- The Washington Times - Thursday, August 18, 2005

To paraphrase Dr. Johnson on the subject of second marriages, what the world witnesses in Gaza is a triumph of hope over experience.

Again the Israelis are pulling back, much as they did after the Oslo Accords of 1993. And again the withdrawal is supposed to be the first step toward peace with an Arab neighbor, this time a nascent Palestinian state.

It’s not the first time. Back in the 1990s, the Israelis agreed to pull out of Gaza on the Mediterranean and Jericho on the West Bank in return for promises of peace. Yasser Arafat’s Palestine Liberation Organization was to recognize Israel’s right to exist, control its own crazies and punish disturbers of the peace. We all know how that turned out.

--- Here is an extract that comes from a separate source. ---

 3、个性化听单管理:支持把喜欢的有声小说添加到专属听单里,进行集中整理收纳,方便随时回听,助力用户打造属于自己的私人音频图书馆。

Alas, the whole, carefully assembled house of cards collapsed. Instead of peace coming stage by stage, war did. The anticlimax of the whole process came at Camp David, when Israel’s Ehud Barak proposed a Palestinian state that would consist of Gaza, almost all the West Bank and a share of Jerusalem to boot. Arafat left without making a counteroffer. It was clear he had decided instead to launch a second intifada, and suicide bombings soon were the new vogue.

Not till another informal but bloody war was fought, and the Israelis began building their wall — excuse me, Security Barrier — did an uneasy tension begin to supplant the violence. Now the Israelis are taking another unilateral step in hopes of imposing a peace. Or at least a breathing spell. For the dazzling dreams of Oslo are not only long gone but almost forgotten.

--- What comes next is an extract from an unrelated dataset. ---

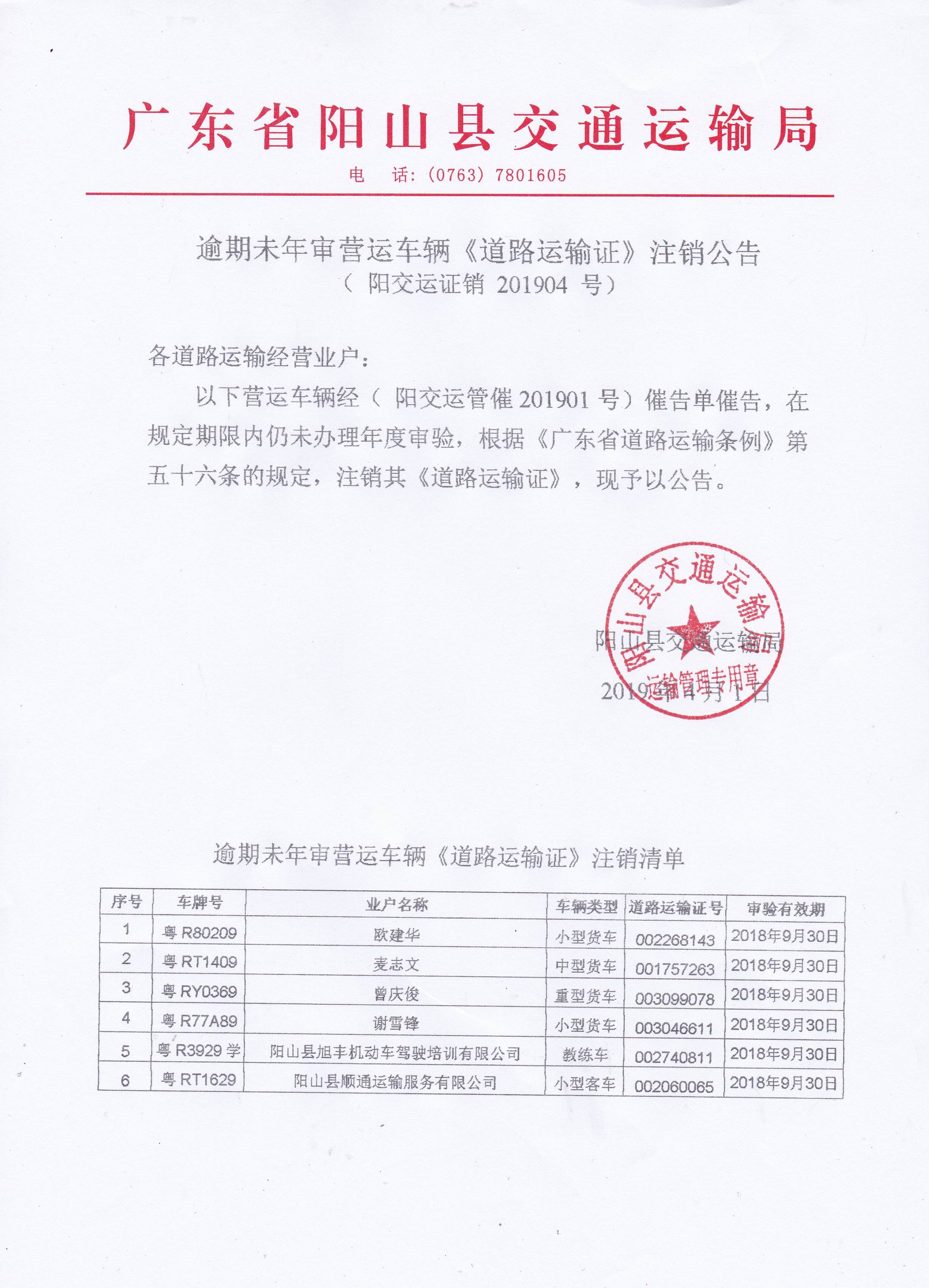 逾期未年审营运车辆《道路运输证》注销公告(阳交运证销201904号)

But the Israelis press ahead anyway, despite opposition from settlers and their louder supporters, and those who believe Israel making concessions without getting something tangible in return will lead not to peace but the next war. By something tangible, they mean break-up of terrorist organizations like Hamas, which now competes with the Palestinian Authority.

There is no sign Hamas is at all weakening; on the contrary, it appears to be growing stronger. And it may grow stronger still after this latest Israeli withdrawal, which it will hail as a great victory achieved by its force.

As for the majority of Israelis who favor the pullout, they have little but hope on their side — and one other, maybe decisive factor: Arafat isn’t around anymore to talk peace while simultaneously waging a not-so-secret war.

Besides, defending the settlements in the Gaza Strip has steadily drained the Israeli military, Israeli morale in general and the peaceful Arab residents of the Strip, who must negotiate a series of humiliating checkpoints just to travel a few miles.

Ariel Sharon, certainly no peacenik, has again proven a pragmatist and chooses to withdraw to more defensible borders. This won’t be the first time he has dismantled Israeli settlements; a younger Arik Sharon was the commander in charge of moving his fellow Israelis out of Sinai to make peace with Egypt. But then he was dealing with a foreign government, not a collection of militias like those maneuvering for control of Gaza as the Israelis leave it to its uncertain fate.

A stable, democratic state in the Mideast can arise out of intramural rivalries. Only the historians may now pay much attention to modern Israel’s own origins, and remember that in 1948 David Ben-Gurion’s fledgling government was challenged by at least a couple of guerrilla movements — including outright terrorists like the Stern Gang plus Menachem Begin’s Irgun, not wholly innocent of terrorist outrages itself.

There were those back then who urged Ben-Gurion to govern in tandem with the Jewish militias, allowing them their own military units and zones of operation. He would have none of it. A state, Israel’s first premier understood, must have only one army. Even at the cost of a brief but shocking civil war, Israel’s founding father put down Begin’s challenge.

Now much the same challenge confronts Mahmoud Abbas, the putative leader of a new Palestinian state. What happens in the next few days as the Israelis move out their own diehards may be dramatic but it will matter less than what happens in the next few months, or even years, as Mahmoud Abbas tries to assert his authority over Hamas. This will determine whether he presides over a Palestinian state or a state of confusion.

Paul Greenberg is a nationally syndicated columnist.